Christerna proudly describes himself as a "global, greaser cholo." His mom is from Durango, Mexico; his father from India and Barcelona. He grew up in East LA's underground punk scene and attributes his passion for food and punk rock to "saving his life" from the world of drugs and crime that a lot of other inner-city kids face in that part of town. Looking back at living in the heavily gang-infested Wyvernwood housing projects in the Boyle Heights neighborhood during the 90s, he tells me how his friends and family would laugh when he told them that he would own a downtown restaurant one day.
His personal story is an important one that tells the tale of a large demographic of people who found their ways out of the barrios and into food. Today, he still considers his life to be a dream. "Are you kidding me? I'm getting paid to cook? Pinch me now, ese."
This disbelief is probably why he recites the address of his restaurant (1111 Hope Street) with a Twilight Zone-like symbolic undertone. "I'm just a kid from the barrio who got lucky and is living his dream," he says.
Symbolicism is a big theme in his DIY restaurant, where every table is adorned with collages made from old punk rock magazines, plucked right out of an angsty teenager's scrapbook. He's dedicated the bar to Marilyn Monroe, where customers will find pinup posters and her handwritten poems plastered everywhere. "She is a poet, like me with food. I want to honor her."
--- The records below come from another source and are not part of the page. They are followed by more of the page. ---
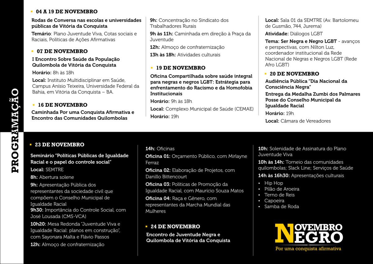 “O Novembro Negro: Por uma Conquista afirmativa segue no sentido inverso, pois traz o verdadeiro sentido da Consciência Negra: o debate, o diálogo, a cultura, a política, o ser negro”, salientou o assessor de Políticas para Igualdade Racial, Uelber Barbosa. As atividades começarão no dia 4 de novembro, com o lançamento da programação, seguido de rodas de conversa nas escolas públicas de Vitória da Conquista, com os temas Plano Juventude Viva, cotas sociais e raciais e políticas de ações afirmativas.
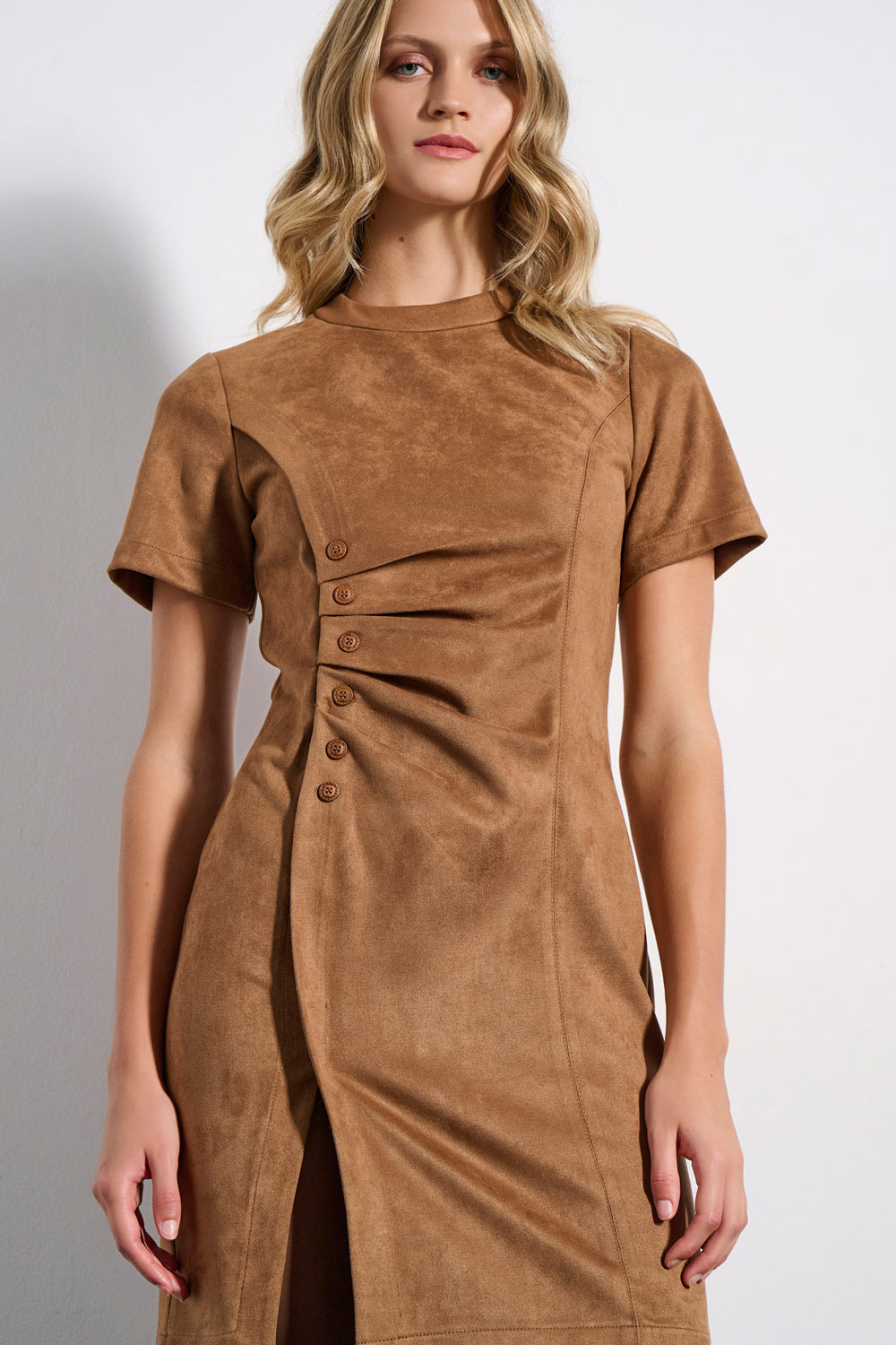 • PLEATS AT THE FRONT WITH DECORATIVE BUTTONS
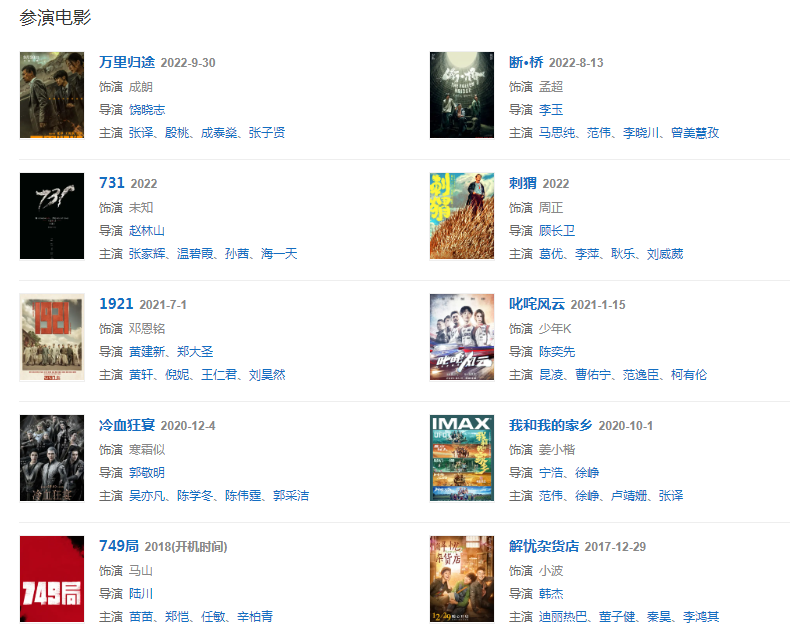 代表作品:樹讀、流星、醒著、心引力、摩天輪的思念、長城、解憂雜貨店、天坑鷹獵、749局、重生之門
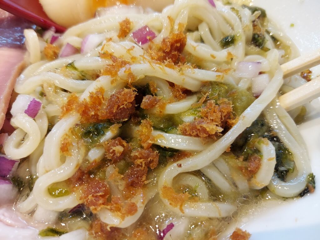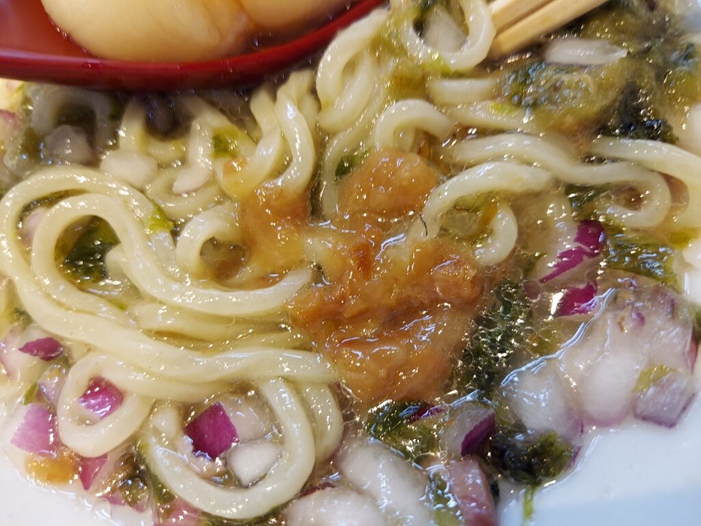 序盤を麺で楽しんだら、中盤に入る前には昆布、海苔、オニオン、節をグリグリまぜて啜ります。
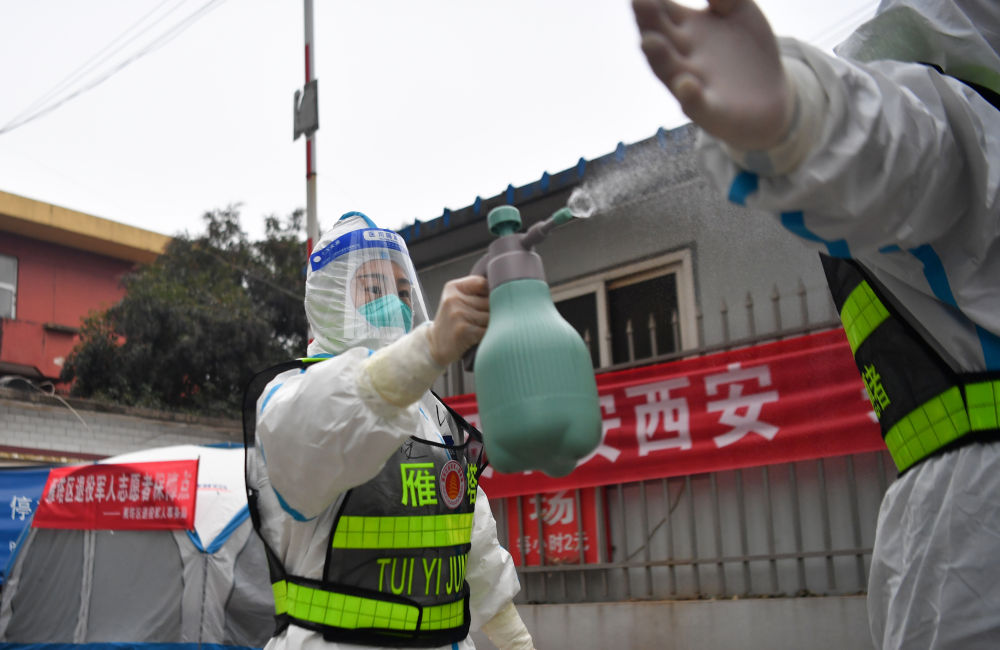 ↑1月7日,西安市雁塔區(qū)退役軍人志愿突擊隊(duì)隊(duì)員位娜娜協(xié)助隊(duì)友為防護(hù)服消毒。
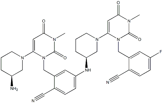 - Synonyms: 2-((6-((S)-3-Aminopiperidin-1-yl)-3-methyl-2,4-dioxo-3,4-dihydropyrimidin-1(2H)-yl)methyl)-4-(((S)-1-(3-(2-cyano-5-fluorobenzyl)-1-methyl-2,6-dioxo-1,2,3,6-tetrahydropyrimidin-4-yl)piperidin-3-yl)amino)benzonitrile
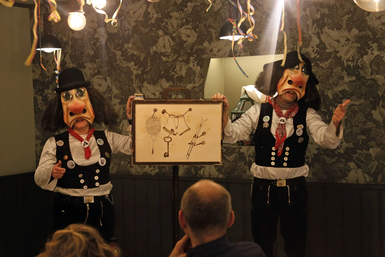 Bewaffnet mit allerlei Utensilien, Esswaren, Getränken und fahrbaren oder nichtfahrbaren Untersätzen unterhalten sie die Gäste in den Restaurants und werden begleitet von viel Gelächter, sei es aus Freude oder Schadenfreude, weil dem Tischnachbarn gerade eine neue Frisur gezaubert wird. An diesem Abend kann einem Allerlei widerfahren und man darf auf einfach Alles gefasst sein.

He's especially proud of the restroom walkway adorned with his own homemade wallpaper comprised of Urban Dictionary print outs. "Slang is the language that I grew up speaking, and I want to share it with that with the rest of the world, too." But out of all of the imagery adorning his establishment, his favorite one is undoubtedly the black and white portrait of his grandparents.
"She used to be a popular singer in Durango and managed to perform alongside Tin Tan and Vicente Fernandez. She still sacrificed everything to come to the US to give us a better life, only to end up living in the projects and taking care of me. Now, when she sees her portrait at my restaurant and feels proud, that means more to me than any sum of money in the world."